##### MATERIAL FOR THE TASK #####
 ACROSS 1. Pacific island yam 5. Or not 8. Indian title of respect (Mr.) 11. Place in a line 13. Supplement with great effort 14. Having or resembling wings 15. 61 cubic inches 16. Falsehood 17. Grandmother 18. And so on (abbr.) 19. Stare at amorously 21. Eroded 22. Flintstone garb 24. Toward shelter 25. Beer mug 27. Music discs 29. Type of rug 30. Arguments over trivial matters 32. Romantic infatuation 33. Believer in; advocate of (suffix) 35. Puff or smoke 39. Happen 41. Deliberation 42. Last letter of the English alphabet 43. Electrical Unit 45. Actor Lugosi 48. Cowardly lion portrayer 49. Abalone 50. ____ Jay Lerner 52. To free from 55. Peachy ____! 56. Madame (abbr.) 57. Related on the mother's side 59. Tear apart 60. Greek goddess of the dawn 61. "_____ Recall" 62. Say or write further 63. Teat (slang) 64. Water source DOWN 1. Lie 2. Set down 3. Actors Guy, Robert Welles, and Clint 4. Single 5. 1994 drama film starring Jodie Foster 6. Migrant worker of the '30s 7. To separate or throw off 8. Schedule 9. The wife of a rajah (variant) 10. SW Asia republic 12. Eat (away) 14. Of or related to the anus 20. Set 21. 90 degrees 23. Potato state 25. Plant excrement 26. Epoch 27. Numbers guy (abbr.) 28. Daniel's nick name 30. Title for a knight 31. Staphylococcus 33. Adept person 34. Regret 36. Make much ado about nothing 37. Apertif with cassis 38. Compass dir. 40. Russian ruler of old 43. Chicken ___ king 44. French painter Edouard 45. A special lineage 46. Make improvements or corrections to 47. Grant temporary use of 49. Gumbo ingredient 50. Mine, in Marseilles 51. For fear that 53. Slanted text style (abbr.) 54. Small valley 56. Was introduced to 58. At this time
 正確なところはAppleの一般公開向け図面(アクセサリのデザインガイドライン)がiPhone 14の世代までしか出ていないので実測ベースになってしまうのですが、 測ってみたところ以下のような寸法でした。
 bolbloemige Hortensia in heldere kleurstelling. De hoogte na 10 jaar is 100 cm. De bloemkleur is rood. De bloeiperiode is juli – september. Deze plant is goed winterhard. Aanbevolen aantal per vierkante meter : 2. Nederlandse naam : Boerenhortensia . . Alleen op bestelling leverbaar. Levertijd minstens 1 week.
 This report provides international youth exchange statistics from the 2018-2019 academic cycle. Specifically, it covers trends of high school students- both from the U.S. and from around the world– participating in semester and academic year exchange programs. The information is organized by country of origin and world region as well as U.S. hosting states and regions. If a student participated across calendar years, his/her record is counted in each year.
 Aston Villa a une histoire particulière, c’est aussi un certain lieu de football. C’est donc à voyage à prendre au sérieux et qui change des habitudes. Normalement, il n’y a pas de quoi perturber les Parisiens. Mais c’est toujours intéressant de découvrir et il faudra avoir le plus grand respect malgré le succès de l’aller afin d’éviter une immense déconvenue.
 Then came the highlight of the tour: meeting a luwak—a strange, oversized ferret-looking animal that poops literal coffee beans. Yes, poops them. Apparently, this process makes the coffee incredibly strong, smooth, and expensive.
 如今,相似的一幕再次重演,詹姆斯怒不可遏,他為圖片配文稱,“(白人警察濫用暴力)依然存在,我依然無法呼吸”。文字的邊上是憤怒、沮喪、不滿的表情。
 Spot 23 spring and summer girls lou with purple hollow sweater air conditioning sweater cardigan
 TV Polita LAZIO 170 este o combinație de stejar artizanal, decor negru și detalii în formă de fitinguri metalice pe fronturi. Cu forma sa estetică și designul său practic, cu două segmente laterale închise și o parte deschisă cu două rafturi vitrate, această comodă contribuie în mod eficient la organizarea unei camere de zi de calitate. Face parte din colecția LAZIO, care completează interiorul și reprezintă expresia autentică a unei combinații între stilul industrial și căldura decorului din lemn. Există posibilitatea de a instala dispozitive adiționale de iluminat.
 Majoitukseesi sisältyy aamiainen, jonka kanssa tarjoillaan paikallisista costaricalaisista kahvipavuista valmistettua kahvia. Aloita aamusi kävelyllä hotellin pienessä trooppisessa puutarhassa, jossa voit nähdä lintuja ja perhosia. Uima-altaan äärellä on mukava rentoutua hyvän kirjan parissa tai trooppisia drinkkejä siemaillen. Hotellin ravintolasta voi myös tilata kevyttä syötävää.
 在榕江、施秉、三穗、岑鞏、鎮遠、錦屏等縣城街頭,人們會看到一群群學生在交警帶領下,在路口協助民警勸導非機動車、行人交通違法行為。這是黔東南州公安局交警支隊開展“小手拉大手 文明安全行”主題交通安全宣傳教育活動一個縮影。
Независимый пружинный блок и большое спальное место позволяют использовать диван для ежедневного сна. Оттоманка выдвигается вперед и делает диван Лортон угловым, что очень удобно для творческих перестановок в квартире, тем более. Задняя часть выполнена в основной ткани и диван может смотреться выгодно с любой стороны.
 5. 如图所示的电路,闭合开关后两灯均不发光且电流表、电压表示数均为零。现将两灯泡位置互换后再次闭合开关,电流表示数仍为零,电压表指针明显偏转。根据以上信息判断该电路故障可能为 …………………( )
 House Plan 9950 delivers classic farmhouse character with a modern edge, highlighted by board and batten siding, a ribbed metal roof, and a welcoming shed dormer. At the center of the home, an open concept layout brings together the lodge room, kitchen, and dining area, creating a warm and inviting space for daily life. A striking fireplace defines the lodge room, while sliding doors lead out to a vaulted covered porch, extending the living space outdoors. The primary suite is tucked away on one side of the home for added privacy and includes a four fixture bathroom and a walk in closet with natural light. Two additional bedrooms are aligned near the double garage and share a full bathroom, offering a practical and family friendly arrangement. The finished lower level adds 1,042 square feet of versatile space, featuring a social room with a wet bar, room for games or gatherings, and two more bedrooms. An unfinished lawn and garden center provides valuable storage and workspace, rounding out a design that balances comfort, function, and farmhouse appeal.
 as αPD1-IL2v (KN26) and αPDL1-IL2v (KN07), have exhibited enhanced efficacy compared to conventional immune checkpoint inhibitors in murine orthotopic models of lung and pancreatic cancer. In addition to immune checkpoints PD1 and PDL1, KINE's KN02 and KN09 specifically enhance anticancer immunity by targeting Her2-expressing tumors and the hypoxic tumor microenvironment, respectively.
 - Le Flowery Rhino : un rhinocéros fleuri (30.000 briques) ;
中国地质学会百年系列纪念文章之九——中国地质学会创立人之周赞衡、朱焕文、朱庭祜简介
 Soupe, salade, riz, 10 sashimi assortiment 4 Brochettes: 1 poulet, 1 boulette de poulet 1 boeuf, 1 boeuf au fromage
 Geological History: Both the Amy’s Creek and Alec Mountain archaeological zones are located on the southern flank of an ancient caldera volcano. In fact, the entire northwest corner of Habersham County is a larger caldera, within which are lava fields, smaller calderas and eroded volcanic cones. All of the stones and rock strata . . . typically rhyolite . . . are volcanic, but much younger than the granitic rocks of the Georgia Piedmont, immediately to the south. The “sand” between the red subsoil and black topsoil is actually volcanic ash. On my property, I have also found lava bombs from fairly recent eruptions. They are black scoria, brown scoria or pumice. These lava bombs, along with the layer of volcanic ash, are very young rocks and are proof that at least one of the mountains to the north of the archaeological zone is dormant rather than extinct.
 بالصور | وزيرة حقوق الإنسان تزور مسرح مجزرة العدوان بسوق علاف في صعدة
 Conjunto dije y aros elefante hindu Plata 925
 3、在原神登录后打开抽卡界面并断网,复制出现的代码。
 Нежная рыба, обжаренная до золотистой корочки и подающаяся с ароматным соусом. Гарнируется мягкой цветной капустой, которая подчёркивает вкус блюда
#####
All lines in the listing above between the line with "bolbloemige Hortensia in" and the line with "This report provides", inclusive, should be set down exactly, and no line outside that range.

RESPONSE BOX
 bolbloemige Hortensia in heldere kleurstelling. De hoogte na 10 jaar is 100 cm. De bloemkleur is rood. De bloeiperiode is juli – september. Deze plant is goed winterhard. Aanbevolen aantal per vierkante meter : 2. Nederlandse naam : Boerenhortensia . . Alleen op bestelling leverbaar. Levertijd minstens 1 week.
 This report provides international youth exchange statistics from the 2018-2019 academic cycle. Specifically, it covers trends of high school students- both from the U.S. and from around the world– participating in semester and academic year exchange programs. The information is organized by country of origin and world region as well as U.S. hosting states and regions. If a student participated across calendar years, his/her record is counted in each year.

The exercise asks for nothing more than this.